Activity
The material below holds the lines to copy: from the one with "Deep purple fit" up to and including the one with "En la entrega". Copy them exactly and skip the pictures.

Material for the task

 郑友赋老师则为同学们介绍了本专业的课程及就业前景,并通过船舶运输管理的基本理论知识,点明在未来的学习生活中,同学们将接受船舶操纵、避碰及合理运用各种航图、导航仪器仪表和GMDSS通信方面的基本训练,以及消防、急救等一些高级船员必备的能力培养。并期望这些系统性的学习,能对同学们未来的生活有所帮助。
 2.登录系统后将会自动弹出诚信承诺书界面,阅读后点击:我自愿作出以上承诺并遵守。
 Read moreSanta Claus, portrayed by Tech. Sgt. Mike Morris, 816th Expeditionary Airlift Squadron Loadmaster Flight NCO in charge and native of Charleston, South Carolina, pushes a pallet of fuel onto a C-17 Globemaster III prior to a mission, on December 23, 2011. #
--
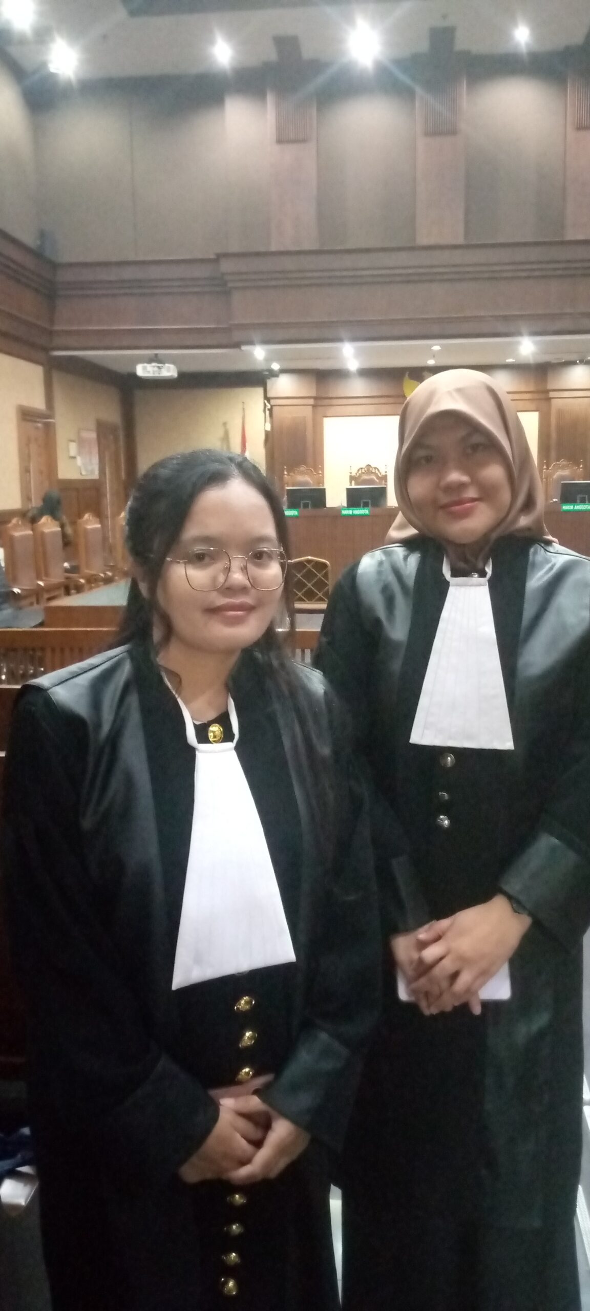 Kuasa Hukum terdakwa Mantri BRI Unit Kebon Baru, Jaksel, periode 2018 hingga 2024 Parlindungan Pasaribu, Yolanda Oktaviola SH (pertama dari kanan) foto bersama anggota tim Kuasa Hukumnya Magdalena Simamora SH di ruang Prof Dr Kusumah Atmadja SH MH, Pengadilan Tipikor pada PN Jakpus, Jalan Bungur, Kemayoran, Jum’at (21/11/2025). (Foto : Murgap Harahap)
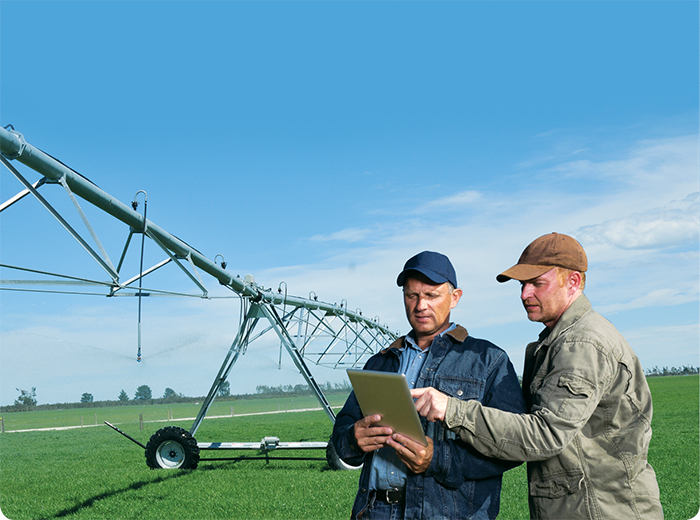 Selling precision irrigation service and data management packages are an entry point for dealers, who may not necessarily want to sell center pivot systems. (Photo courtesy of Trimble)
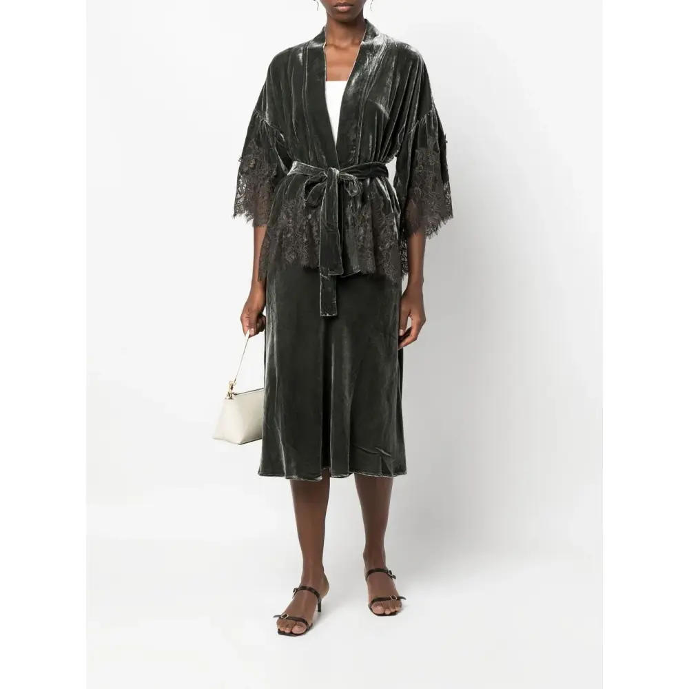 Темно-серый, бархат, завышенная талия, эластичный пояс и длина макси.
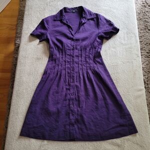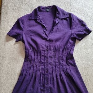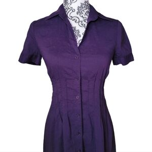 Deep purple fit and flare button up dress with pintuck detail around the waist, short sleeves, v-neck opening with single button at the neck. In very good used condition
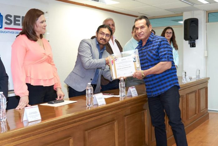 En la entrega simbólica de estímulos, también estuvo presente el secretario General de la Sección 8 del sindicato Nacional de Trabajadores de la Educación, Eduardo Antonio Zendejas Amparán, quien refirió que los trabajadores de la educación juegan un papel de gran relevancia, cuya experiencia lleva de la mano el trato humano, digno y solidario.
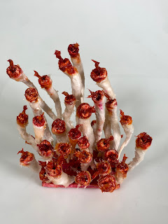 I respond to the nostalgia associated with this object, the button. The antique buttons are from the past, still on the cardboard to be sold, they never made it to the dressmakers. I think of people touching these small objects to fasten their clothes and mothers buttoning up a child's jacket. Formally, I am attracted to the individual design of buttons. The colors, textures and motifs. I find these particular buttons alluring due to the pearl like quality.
...
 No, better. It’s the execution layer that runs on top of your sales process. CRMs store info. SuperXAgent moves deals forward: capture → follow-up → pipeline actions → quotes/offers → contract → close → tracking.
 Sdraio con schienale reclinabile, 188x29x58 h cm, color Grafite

Solution to this exercise
 Deep purple fit and flare button up dress with pintuck detail around the waist, short sleeves, v-neck opening with single button at the neck. In very good used condition
 En la entrega simbólica de estímulos, también estuvo presente el secretario General de la Sección 8 del sindicato Nacional de Trabajadores de la Educación, Eduardo Antonio Zendejas Amparán, quien refirió que los trabajadores de la educación juegan un papel de gran relevancia, cuya experiencia lleva de la mano el trato humano, digno y solidario.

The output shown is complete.